Tüm gün boyu canlı olarak yağlı-güreş yayınlayabilen TRT, Wimbledon gibi dünya olayını daha kapsamlı ekrana getirse daha şık olmaz mıydı. İlk turlarda illa yıldızların antrenman yapar gibi oynayacakları maçlar yerine çekişmeye aday mücadelelere ve güzel tenise dönük maçlar yayınlansa daha profesyonelce olmaz mıydı? Genç sporcularımıza örnek olması için tüm dünyanın gelişimini izlediği 19’luk Andreeva’nın(RUS) bir maçını izletmeniz yerinde olmaz mıydı…Gençliğin ilgisini ekrana taşısanız fena mı olurdu?
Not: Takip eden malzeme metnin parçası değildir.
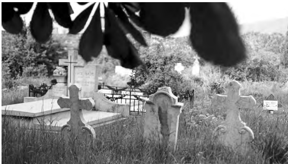
6. ábra. A család sírkövei a gyöngyösi temetőben Fig. 6. Family tombstones in the Gyöngyös Cemetery

Kız kaç tur geçti biliyor musunuz? Ama galiba ben boşa konuşuyorum…Bu ülkenin en saygın uluslararası turnuvasını yayınlamaktan bile imtina eden anlayış Andreeva’yı mı yayınlayacak ? Bunları yazarken üç spikeri ve yayın ekibini tenzih ederim. Onlara teşekkür borçluyuz.
- Çift Erk.: Koolhof (NED) & Skupsky (GBR);
- Çift-Kdn.: Hsieh (TAİ) & Strycova (CEK) vs. Hunter (AUS) & Mertens (BEL);
- Karışıklar: Pavic (CRO) & Kitchenok (UKR);
- Jünyor Erk.: Searle (GBR);
- Jünyor Kız.: Bartunkova (CEK) & Ngounoue (USA);
- Efsane Kdn.: Hingis (SUI) & Clijsters (BEL);
- Efsane Erk.: Bryan & Bryan (USA);
- Tekerlekli Sand. Erk.: Hewett (GBR);
- Tekerlekli Sand. Kdn.:Van Groot kazandı.